• _Aim of the exercise_: Every entry must reappear in your answer exactly as written, though its pictures must not.

(Records from a data source)
-*-*-

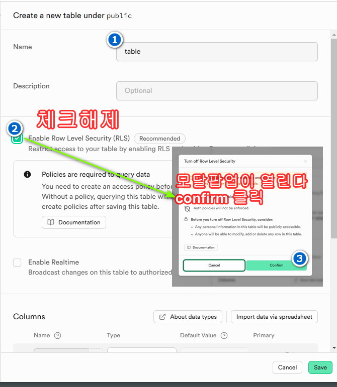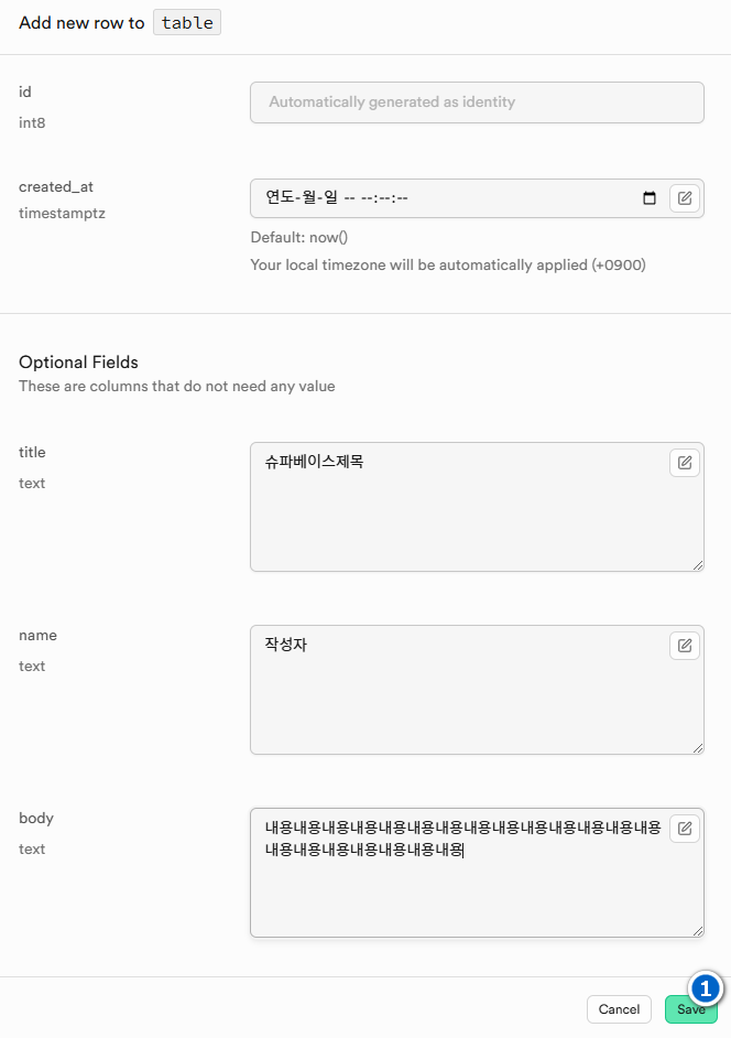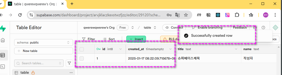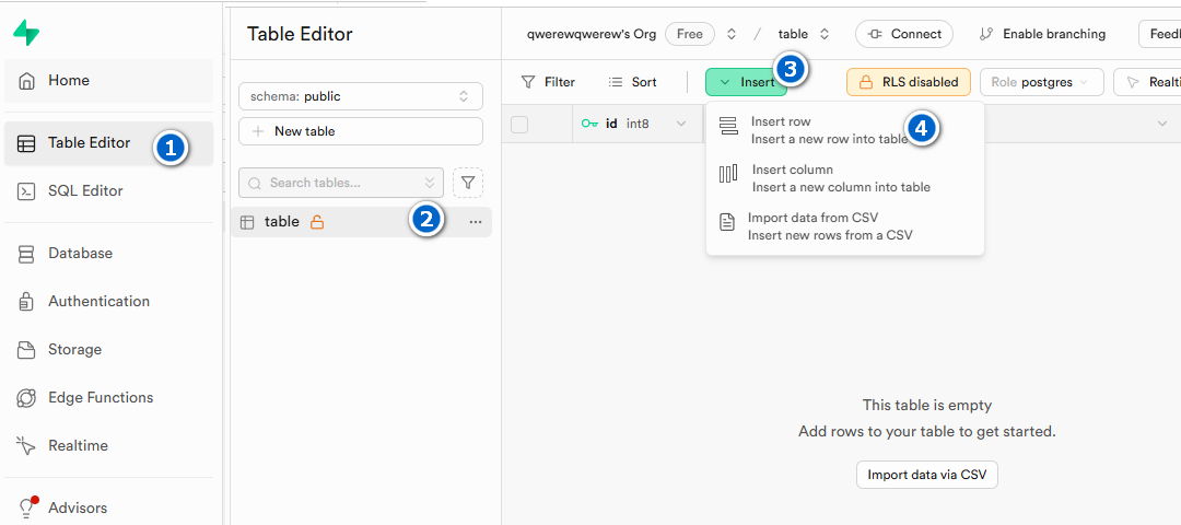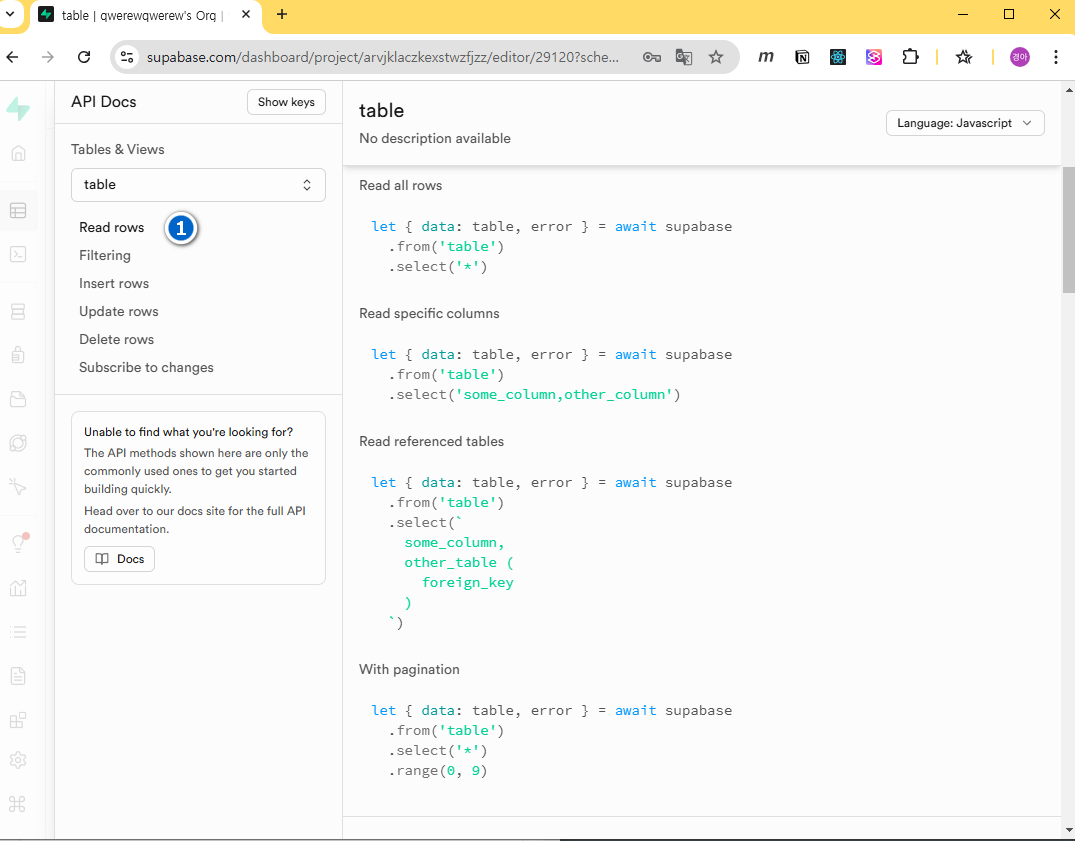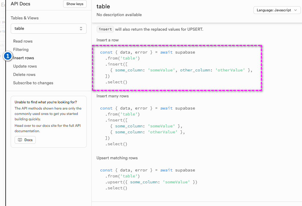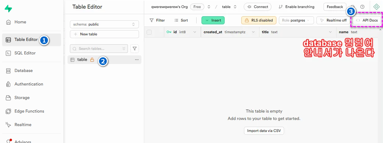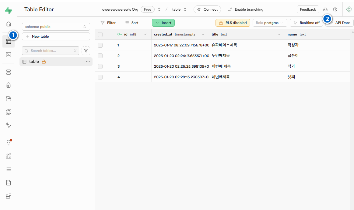 1const addForm = document.querySelector('#addForm');2addForm.addEventListener('submit', async (e) => {3 e.preventDefault();4 const title = document.querySelector('#title').value;5 const body = document.querySelector('#body').value;6 const name = document.querySelector('#name').value;7 const { data, error } = await client.from('table').insert([{ title, body, name }]);8 loadDB();9 document.querySelector('#title').value = '';10 document.querySelector('#body').value = '';11 document.querySelector('#name').value = '';12 if (error) {13 console.error(error);14 return;15 }16 });레코드(rows)를 추가하는 방법은 아래 이미지의 번호대로 이동하여 슈파베이스의 api 문서를 참조한다.
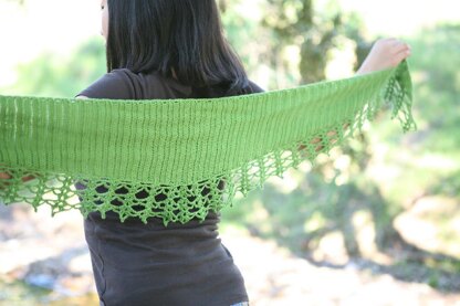 Bridgette is a long shallow crescent shawl with a geometric lacy border. The body of the shawl consists of soft, squishy ribbing. Currently on sale for Indie June!
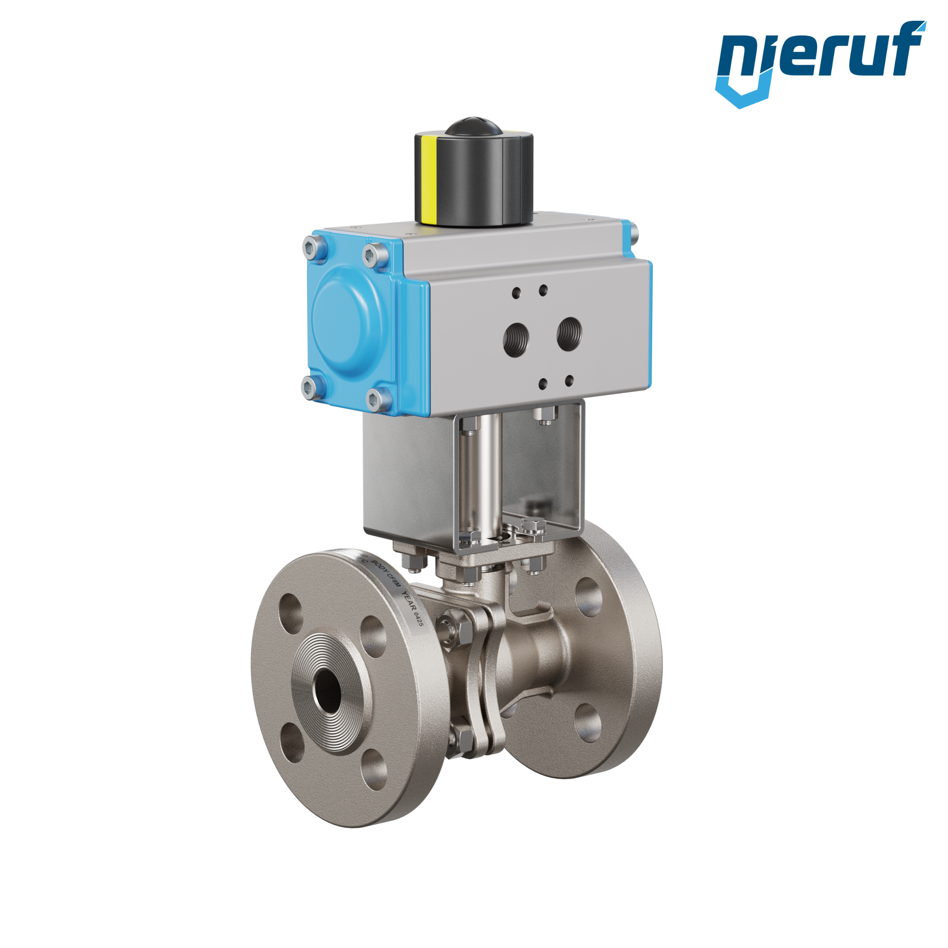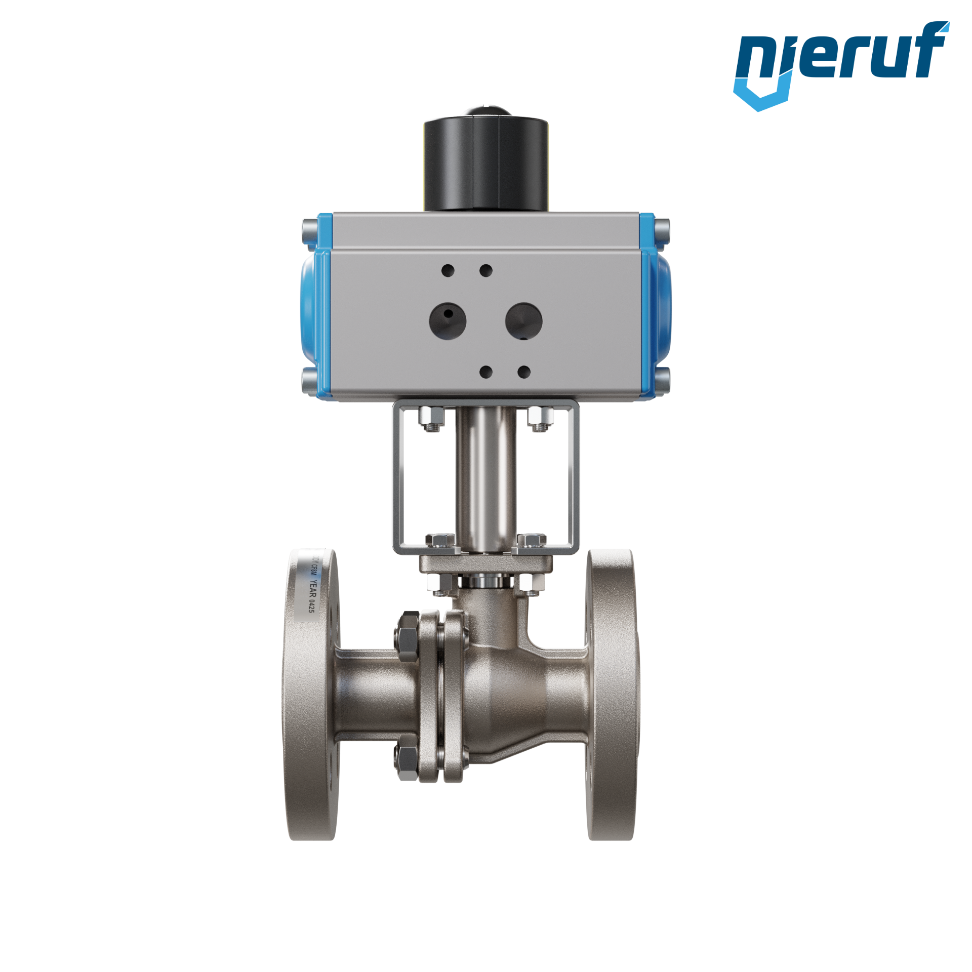 Für diesen hoch qualitativen Automatik-Flanschkugelhahn aus Edelstahl mit pneumatischem Drehantrieb (GD = doppeltwirkend) ist keine Brücke und kein Mitnehmer notwendig. Der Antrieb wird direkt auf den Kugelhahn aufgesetzt.
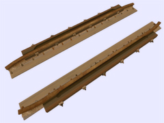 It is a track object: To make railway crossings (diamond junction or diamond crossing) at the same level. Length 2.4m, rail gauge 1067mm, with 6 bolts with union screws from the rail to the check rail (model B) every 40cm. Version or finish 3. For straight track and level with the ground. With spikes on the checkrails. Rail crossing designed for rail 30kg per meter, approximately 60.5 pounds per yard, suitable for medium rail. Rail 12 cm high. New version with the addition of the ''follow-gradient 1'' tag, to adapt to the inclinations of the railway track.
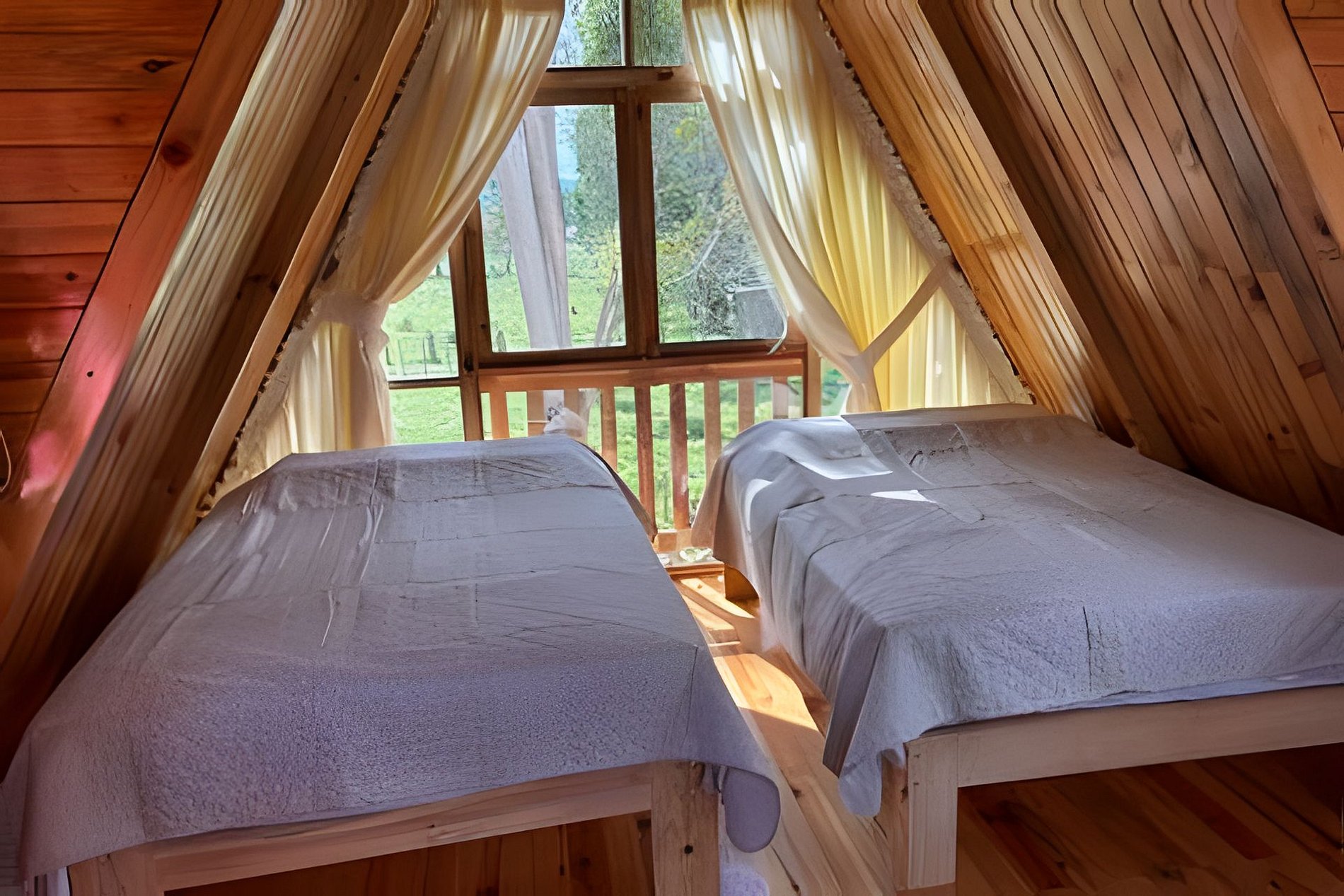 Quería una experiencia dónde esté cerca a la naturaleza, no quería un hotel común y estás cabañas tienen lo que buscaba: cerca a la plaza pero rodeada de naturaleza, zona tranquila, cabañas alpinas.

-*-*-

• _Answer below_:
 1const addForm = document.querySelector('#addForm');2addForm.addEventListener('submit', async (e) => {3 e.preventDefault();4 const title = document.querySelector('#title').value;5 const body = document.querySelector('#body').value;6 const name = document.querySelector('#name').value;7 const { data, error } = await client.from('table').insert([{ title, body, name }]);8 loadDB();9 document.querySelector('#title').value = '';10 document.querySelector('#body').value = '';11 document.querySelector('#name').value = '';12 if (error) {13 console.error(error);14 return;15 }16 });레코드(rows)를 추가하는 방법은 아래 이미지의 번호대로 이동하여 슈파베이스의 api 문서를 참조한다.
 Bridgette is a long shallow crescent shawl with a geometric lacy border. The body of the shawl consists of soft, squishy ribbing. Currently on sale for Indie June!
 Für diesen hoch qualitativen Automatik-Flanschkugelhahn aus Edelstahl mit pneumatischem Drehantrieb (GD = doppeltwirkend) ist keine Brücke und kein Mitnehmer notwendig. Der Antrieb wird direkt auf den Kugelhahn aufgesetzt.
 It is a track object: To make railway crossings (diamond junction or diamond crossing) at the same level. Length 2.4m, rail gauge 1067mm, with 6 bolts with union screws from the rail to the check rail (model B) every 40cm. Version or finish 3. For straight track and level with the ground. With spikes on the checkrails. Rail crossing designed for rail 30kg per meter, approximately 60.5 pounds per yard, suitable for medium rail. Rail 12 cm high. New version with the addition of the ''follow-gradient 1'' tag, to adapt to the inclinations of the railway track.
 Quería una experiencia dónde esté cerca a la naturaleza, no quería un hotel común y estás cabañas tienen lo que buscaba: cerca a la plaza pero rodeada de naturaleza, zona tranquila, cabañas alpinas.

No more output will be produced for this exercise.